PTO for an in-depth review of the Nike+iPod Sports Kit

I don’t usually use an iPod [pause while everyone draws a sharp intake of breath] so I had all sorts of fun and games getting it all set up and ready, but if you’re already a firm follower of the Apple faith, you should find getting it up and running (running being the operative word) very easy. You just need to update your nano, make sure you’ve got the latest version of iTunes, plug in your special Nike receiver, and replace the foamy filler in your trainer (sneaker) with the Nike transmitter widget.

The Nike menu will appear on your iPod nano, and it’s there that you can set up runs, choosing runs based on things like time, distance or calories burned. Sadly for me, the minimum running settings are 20 minutes, 3km or 2 miles. I could have created a custom run of – say – 10 minutes, but then the Nike+iPod would have thought I was a loser.

Before you set off, you should also decide whether you want a male or a female voice to give you your travel/time updates and which tune you want as your PowerSong which is supposed to be the one tune that will keep you powering on through till the end. I chose Diamonds & Rust by Joan Baez. Not because it has thumping power chords (it doesn’t) but because I hoped the lyrics might help to keep my mind off the pain (they didn’t).

You can also create special running playlists, probably featuring things like "You’re The Best" from the Karate Kid, the theme tune from Rocky, Eye of the Tiger and the song from the workout scene of Flashdance. I was too impatient to do that, so I relied on Shuffle, which for reasons best known to itself decided to feed me a constant diet of old grunge tunes. Not exactly a great running soundtrack. Still – it did at least give me an excuse to stop every now and then under the pretence that I couldn’t operate my nano whilst mobile.

Even though I’m incredibly lazy when it comes to running (I get up to a slight puff and then stop for a wander), I did find the voice telling me how far I had to go very motivating. In fact, I was surprised to discover my legs going for a sprint finish as I neared the end.

The other really good thing about this service is the web extras. Sign up for the free Nike+iPod account and you can upload your running stats, check out how other people round the country (and soon the world) are doing, and see who’s currently top of the leaderboard. Obviously, I’m never going to reach the dizzy heights of even the top 500, but Nike has been clever enough to add a "Personal Goals" section where you can set yourself challenges. I foolishly said I’d aim to run 5 times in the next two weeks and now I very nearly feel obliged to do those 5 runs. I’ll certainly think about running *at least* 5 times in the next 2 weeks, which is an achievement of sorts.

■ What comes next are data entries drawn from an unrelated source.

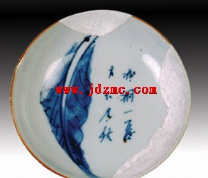 这些画着叶片、题有诗句的瓷片,从生产的时间来看,可以断为崇祯到康熙年间。即从明末战乱时期到清初天下大定之日。从诗句内容来看也很切合这段时期社会背景。如明末,崇祯初登皇权宝座,整顿朝纲,一扫阉党乌烟瘴气。魏忠贤畏罪自杀,朝政为之一振,朝野上下人心大快。反映到瓷绘题词上,则是轻松明丽的语调。如:“风弄梅花影”、“落日过船好,轻风生浪迟”。
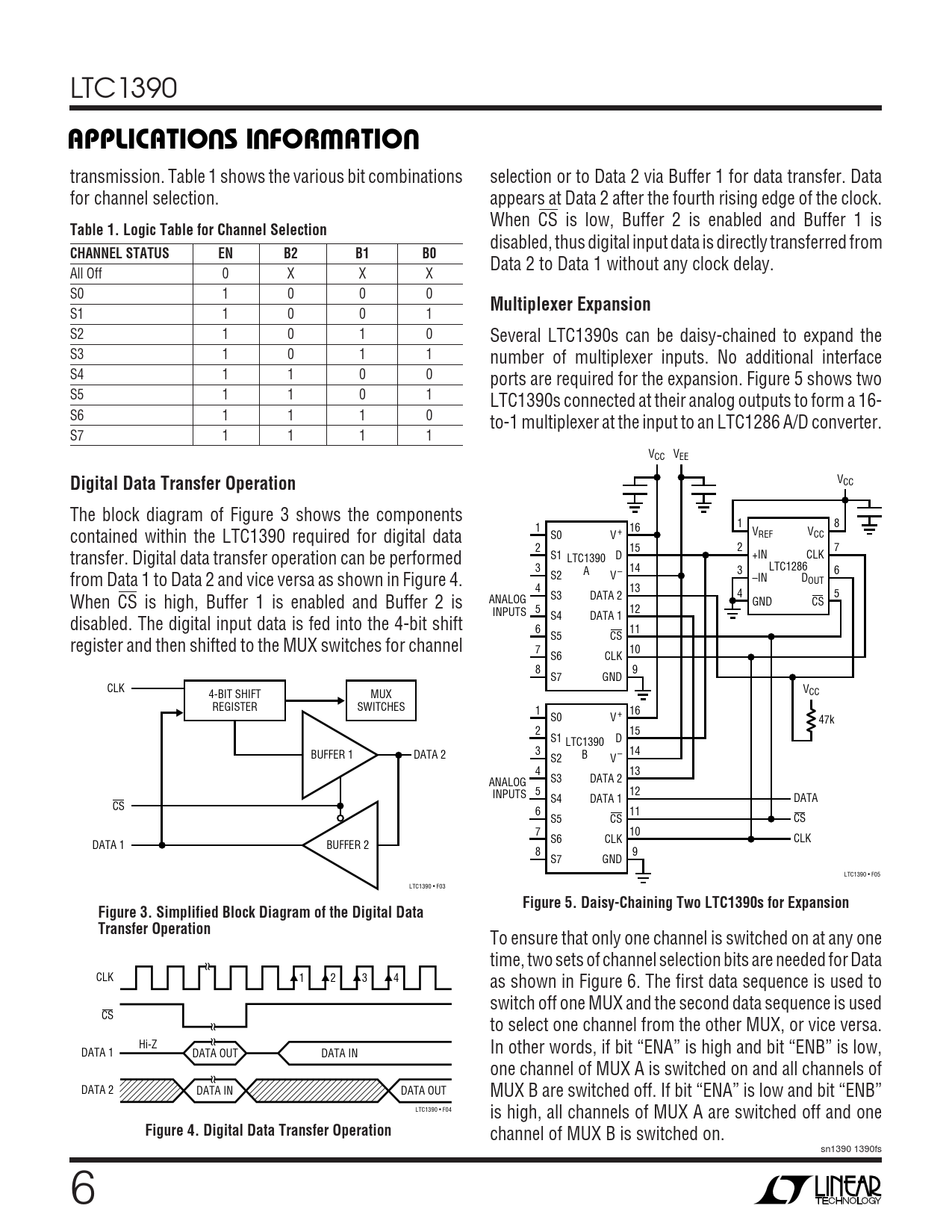 To ensure that only one channel is switched on at any one time, two sets of channel selection bits are needed for Data CLK 1 2 3 4 as shown in Figure 6. The first data sequence is used to switch off one MUX and the second data sequence is used CS to select one channel from the other MUX, or vice versa. Hi-Z In other words, if bit “ENA” is high and bit “ENB” is low, DATA 1 DATA OUT DATA IN one channel of MUX A is switched on and all channels of DATA 2 DATA IN DATA OUT MUX B are switched off. If bit “ENA” is low and bit “ENB” LTC1390 • F04 is high, all channels of MUX A are switched off and one
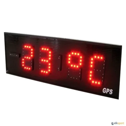Relógio eletrónico digital com LEDS, precisão de tempo por sinal de GPS. Para interior ou exterior. Mostra alternadamente a hora e a temperatura. Existe em 2 dimensões : - M : 100 x 33 cm - altura dos dígitos de 18 cm - L : 185 x 50 cm - altura dos dígitos de 33 cm. Ver também o cronómetro de ginásio

So to conclude this entirely too lengthy review (it’s a big deal ok, I ran), I think this is an excellent service – so long as you’re happy to be wed to both Nike and Apple for ever more. Similar services are available: Nokia has a sports phone with a pedometer that will give you feedback, there’s also the BioTrainer, MP3 Pedometers, and the Fitbug and numerous other services. But none of them combine music, online fitness tracking, community and pedometer features in such an easy, accessible and – let’s face it – big brand solution.

The kit (nano receiver and shoe widget) costs $29/£19 (US Apple Store/UK Apple Store) and you can see the range of available Nike+ Ready running shoes on the Nike+ website.